Repeat nothing but the lines below running from the one containing "Baldwin 5pc Acacia" to the one containing "三、针对玉红对360集团、创始人周鸿祎先生及相关企 业家的恶意诽谤,360集团将依法采取法律措施追究 ...". Keep both end lines.

▶ TASK DATA:
◆ ◆ ◆ ◆ ◆
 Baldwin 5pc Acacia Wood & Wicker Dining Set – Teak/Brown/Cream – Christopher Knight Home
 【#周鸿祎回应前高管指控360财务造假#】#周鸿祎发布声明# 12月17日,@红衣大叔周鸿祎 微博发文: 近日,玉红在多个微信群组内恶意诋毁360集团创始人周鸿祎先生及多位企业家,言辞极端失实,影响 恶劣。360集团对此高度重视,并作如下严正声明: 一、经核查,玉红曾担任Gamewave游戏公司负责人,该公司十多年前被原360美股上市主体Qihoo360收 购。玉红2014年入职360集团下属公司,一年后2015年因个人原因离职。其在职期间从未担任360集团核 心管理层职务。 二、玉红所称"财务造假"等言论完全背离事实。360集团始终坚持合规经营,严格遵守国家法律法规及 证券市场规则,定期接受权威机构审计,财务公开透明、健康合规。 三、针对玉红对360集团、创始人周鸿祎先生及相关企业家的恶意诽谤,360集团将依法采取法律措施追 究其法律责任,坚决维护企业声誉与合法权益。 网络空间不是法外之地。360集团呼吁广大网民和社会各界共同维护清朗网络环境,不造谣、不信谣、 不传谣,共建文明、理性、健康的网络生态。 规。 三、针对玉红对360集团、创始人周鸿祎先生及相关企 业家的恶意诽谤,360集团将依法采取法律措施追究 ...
◆ ◆ ◆ ◆ ◆
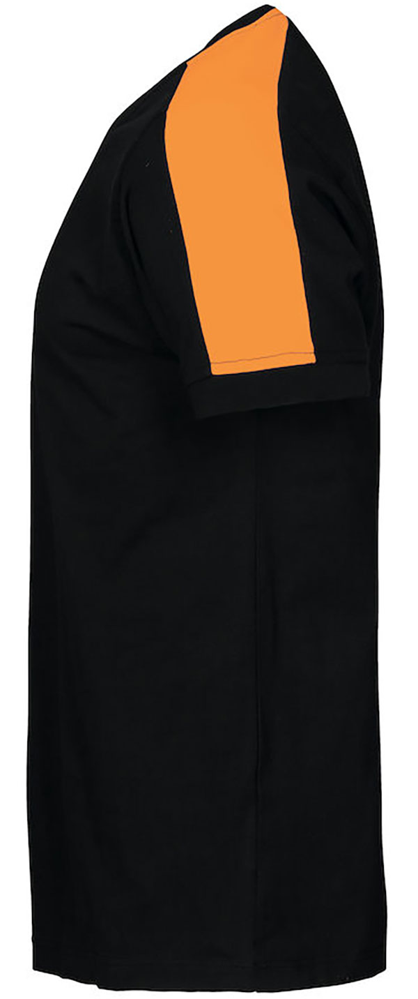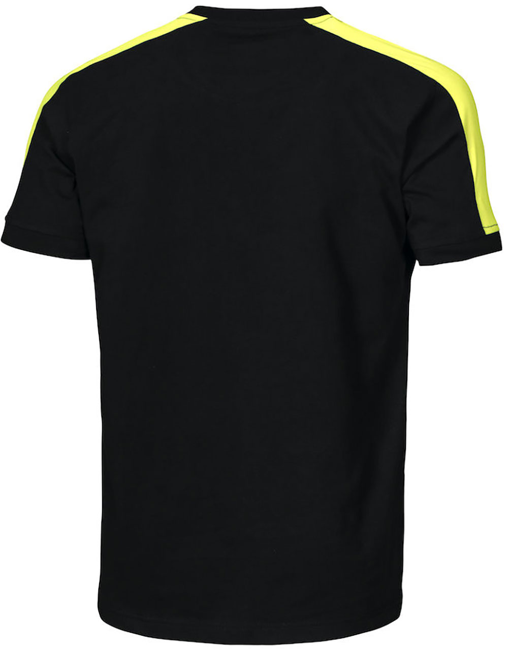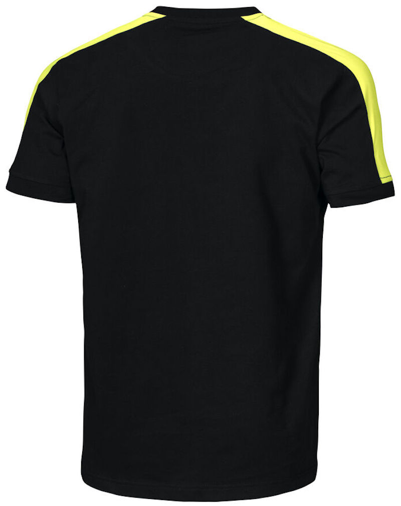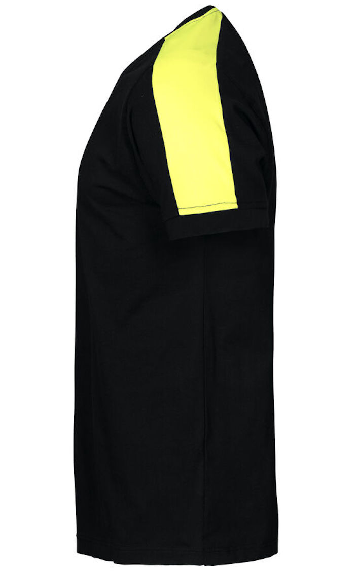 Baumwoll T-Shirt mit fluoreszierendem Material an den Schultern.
◆ ◆ ◆ ◆ ◆
▶ YOUR RESPONSE:
 Baldwin 5pc Acacia Wood & Wicker Dining Set – Teak/Brown/Cream – Christopher Knight Home
 【#周鸿祎回应前高管指控360财务造假#】#周鸿祎发布声明# 12月17日,@红衣大叔周鸿祎 微博发文: 近日,玉红在多个微信群组内恶意诋毁360集团创始人周鸿祎先生及多位企业家,言辞极端失实,影响 恶劣。360集团对此高度重视,并作如下严正声明: 一、经核查,玉红曾担任Gamewave游戏公司负责人,该公司十多年前被原360美股上市主体Qihoo360收 购。玉红2014年入职360集团下属公司,一年后2015年因个人原因离职。其在职期间从未担任360集团核 心管理层职务。 二、玉红所称"财务造假"等言论完全背离事实。360集团始终坚持合规经营,严格遵守国家法律法规及 证券市场规则,定期接受权威机构审计,财务公开透明、健康合规。 三、针对玉红对360集团、创始人周鸿祎先生及相关企业家的恶意诽谤,360集团将依法采取法律措施追 究其法律责任,坚决维护企业声誉与合法权益。 网络空间不是法外之地。360集团呼吁广大网民和社会各界共同维护清朗网络环境,不造谣、不信谣、 不传谣,共建文明、理性、健康的网络生态。 规。 三、针对玉红对360集团、创始人周鸿祎先生及相关企 业家的恶意诽谤,360集团将依法采取法律措施追究 ...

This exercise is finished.